Hi,
I wonder if:
drivers/usb/core/devio.c:86
#define MAX_USBFS_BUFFER_SIZE 16384
is some random, or outdated limit or if there really is some code path that could
not handle bigger URBs.
For performance reasons I would like to use bigger packages for an image
aquisition device.
Yours,
--
René Rebe - Rubensstr. 64 - 12157 Berlin (Europe / Germany)

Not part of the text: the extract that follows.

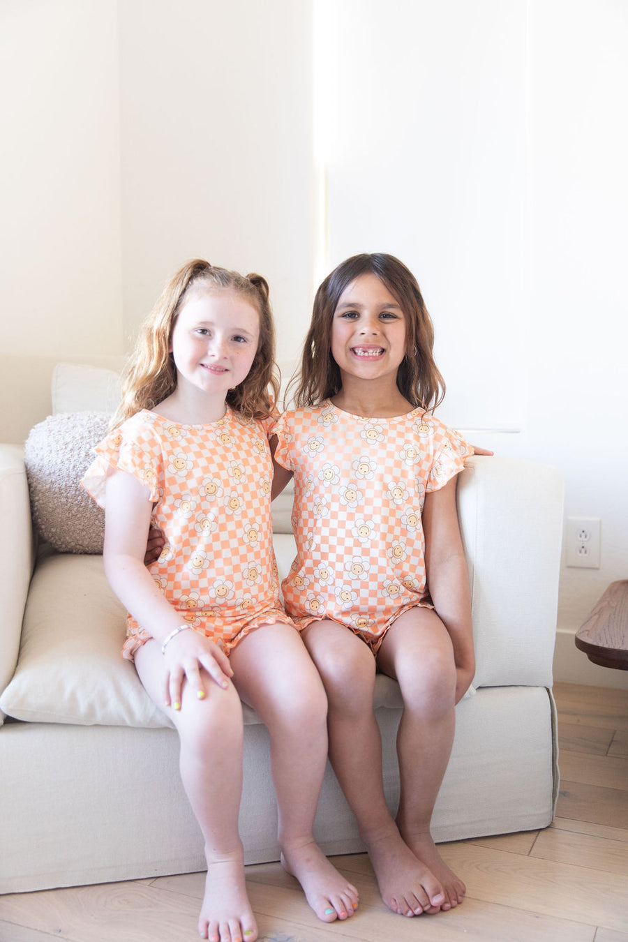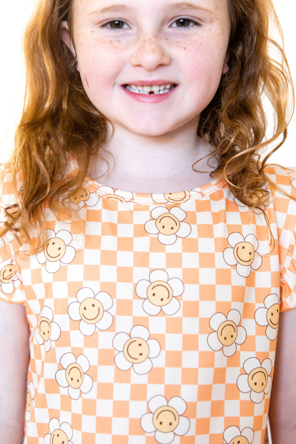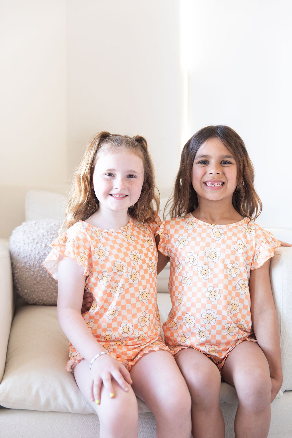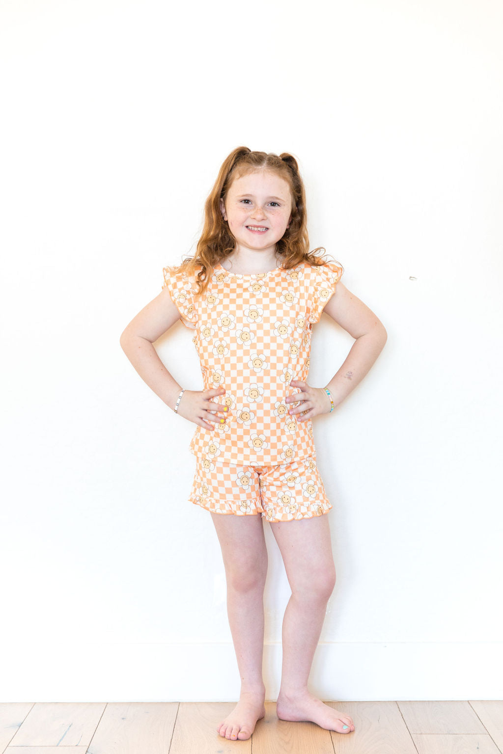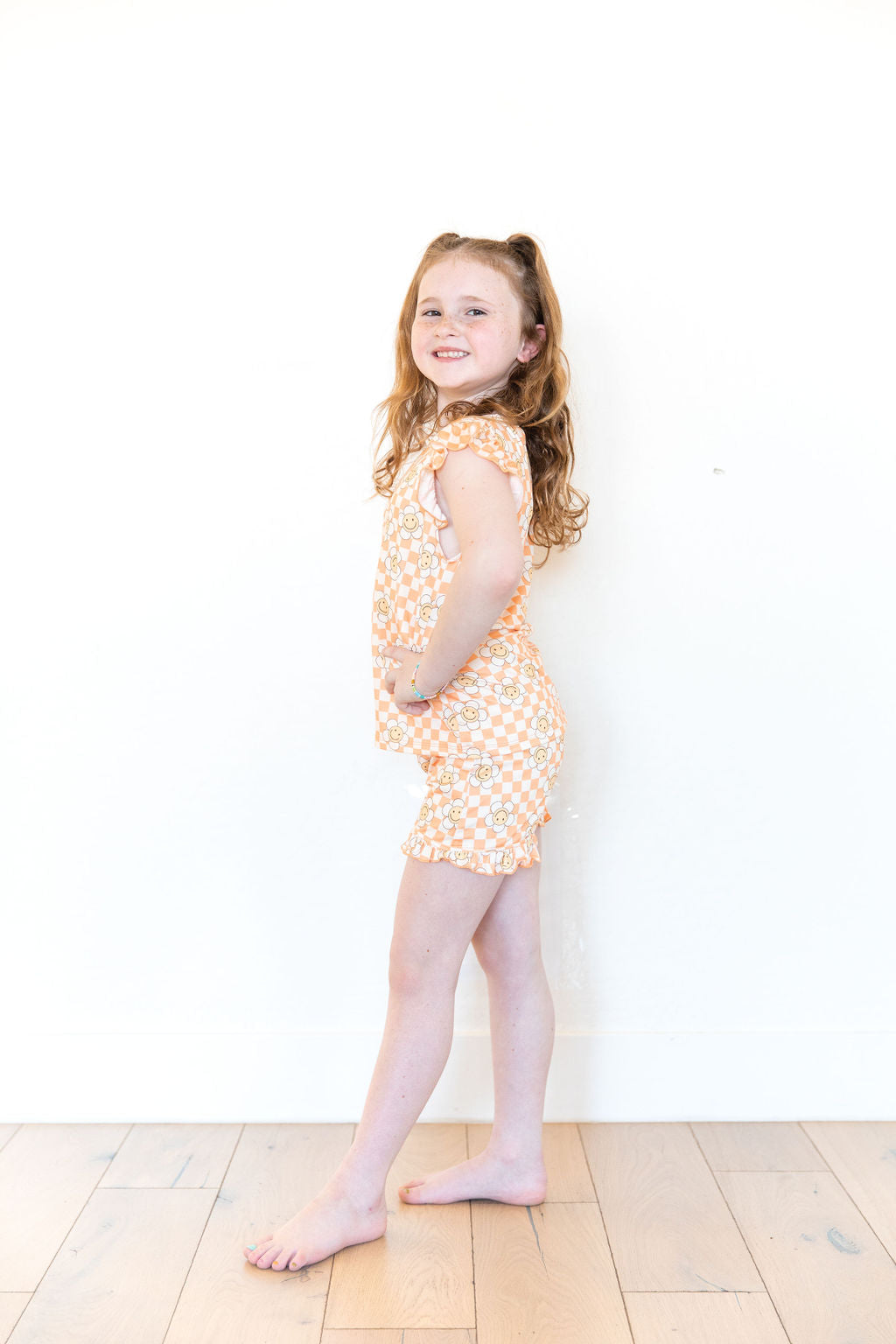 ORANGE SMILEY CHECKER | RUFFLE SHORT SET

http://www.exactcode.de | http://www.t2-project.org
+49 (0)30 255 897 45
Am Mittwoch, 1. März 2006 21:16 schrieb René Rebe:
> Hi,
>
> I wonder if:
>
> drivers/usb/core/devio.c:86
> #define MAX_USBFS_BUFFER_SIZE 16384
>
> is some random, or outdated limit or if there really is some code path that could
> not handle bigger URBs.
We are nice to the VM. 16384 is optimistic anyway. You cannot expect
to repeatedly and reliably allocate larger buffers.
Regards
Oliver
On Wed, Mar 01, 2006 at 09:16:25PM +0100, Ren?? Rebe wrote:
> Hi,
>
> I wonder if:
>
> drivers/usb/core/devio.c:86
> #define MAX_USBFS_BUFFER_SIZE 16384
>
> is some random, or outdated limit or if there really is some code path that could
> not handle bigger URBs.
>
> For performance reasons I would like to use bigger packages for an image
> aquisition device.
Why not just send down 2 urbs with that size then, that would keep the
pipe quite full.
thanks,
greg k-h
Hi,
On Wednesday 01 March 2006 22:32, Greg KH wrote:
> On Wed, Mar 01, 2006 at 09:16:25PM +0100, Ren?? Rebe wrote:
> > Hi,
> >
> > I wonder if:
> >
> > drivers/usb/core/devio.c:86
> > #define MAX_USBFS_BUFFER_SIZE 16384
> >
> > is some random, or outdated limit or if there really is some code path that could
> > not handle bigger URBs.
> >
> > For performance reasons I would like to use bigger packages for an image
> > aquisition device.
>
> Why not just send down 2 urbs with that size then, that would keep the
> pipe quite full.
Because that requires even more modifications to libusb and sane (i_usb) ...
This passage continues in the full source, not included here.